Charleroi-Centre La Toussaint, c’est dans six semaines et ça manque cruellement de fossoyeurs.

Des sépultures envahies par les mauvaises herbes, des points d’eau défectueux, du vandalisme : l’état du cimetière de Gilly suscite l’indignation parmi les familles des défunts, et c’est un peu l’arbre qui cache la forêt.

Trois conseillers communaux ont interpellé la Première échevine de tutelle Françoise Daspremont (PS). Dans le dernier bulletin des questions écrites, elle apporte un éclairage à Albert Frère (CDH), Hicham Imane (PS) et Xavier Desgain (Ecolo). Selon elle, la dimension des infrastructures nuit à leur entretien. Un cimetière comme celui de Gilly fait plus de 6 hectares.

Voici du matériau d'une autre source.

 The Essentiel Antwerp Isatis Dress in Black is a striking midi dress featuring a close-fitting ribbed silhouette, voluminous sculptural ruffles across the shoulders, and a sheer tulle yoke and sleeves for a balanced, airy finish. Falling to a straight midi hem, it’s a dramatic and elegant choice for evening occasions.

L’été , les congés annuels déforcent un peu plus des équipes déjà en déficit, dit-elle. Car le problème est là : "Les cimetières communaux fonctionnent en sous-effectif, avec une main-d’œuvre vieillissante. Et les appels à l’embauche ne donnent lieu qu’à de rares candidatures."

L'entretien ne dépend pas que des fossoyeurs

L’échevine rappelle que l’entretien n’est pas du seul ressort de son département. "La première mission des fossoyeurs est d’assumer les inhumations et exhumations de corps. Ils ne procèdent à l’entretien général que lorsqu’ils en ont le temps. En outre, ils ne sont ni formés ni équipés pour réparer des maçonneries, des grilles, des éléments de plomberie."

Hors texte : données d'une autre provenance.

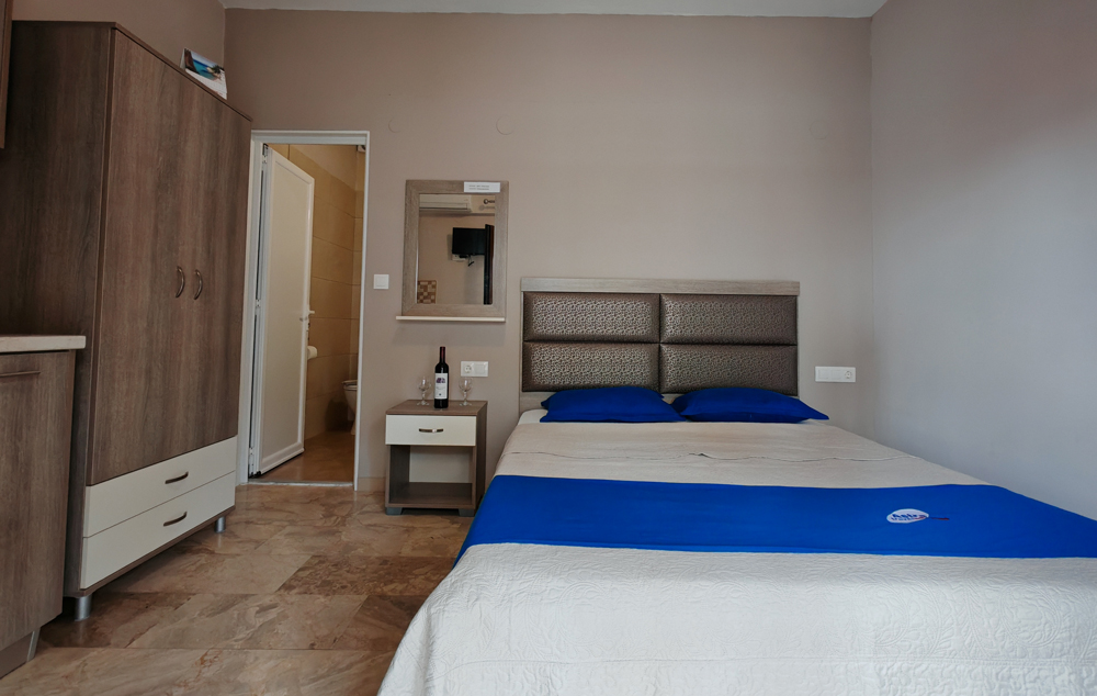 Nalazi se na oko 140m od mora, na uzvišenju pored crkve. Osim gradske plaže, u blizini je i jedna manja uvala sa stenama i peskom. Na drugom spratu nalaze se renovirani studiji i apartmani. Studio za 2-3 osobe ima pogled na celo mesto i u daljini more, dok trokrevetni studio i apartman gledaju ka bašti. Kuća ima signal za besplatan bežični internet, a smeštajne jedinice imaju TV i klima uređaj čije se korišćenje doplaćuje.

Des collaborations existent avec d’autres départements, mais le manque de personnel se fait ressentir partout. En 2017 encore, le plan communal d’embauche prévoit de renforcer les effectifs. Pour améliorer la qualité du service, l’équipement des fossoyeurs a été modernisé.

L’utilisation des herbicides est proscrite sur le domaine public. L’acquisition d’un nouvel outillage adapté est en cours. Quant au plan Osiris qui vise à améliorer les cimetières, c’est un programme d’investissement à long terme. De nombreuses actions sont en cours mais le travail est important.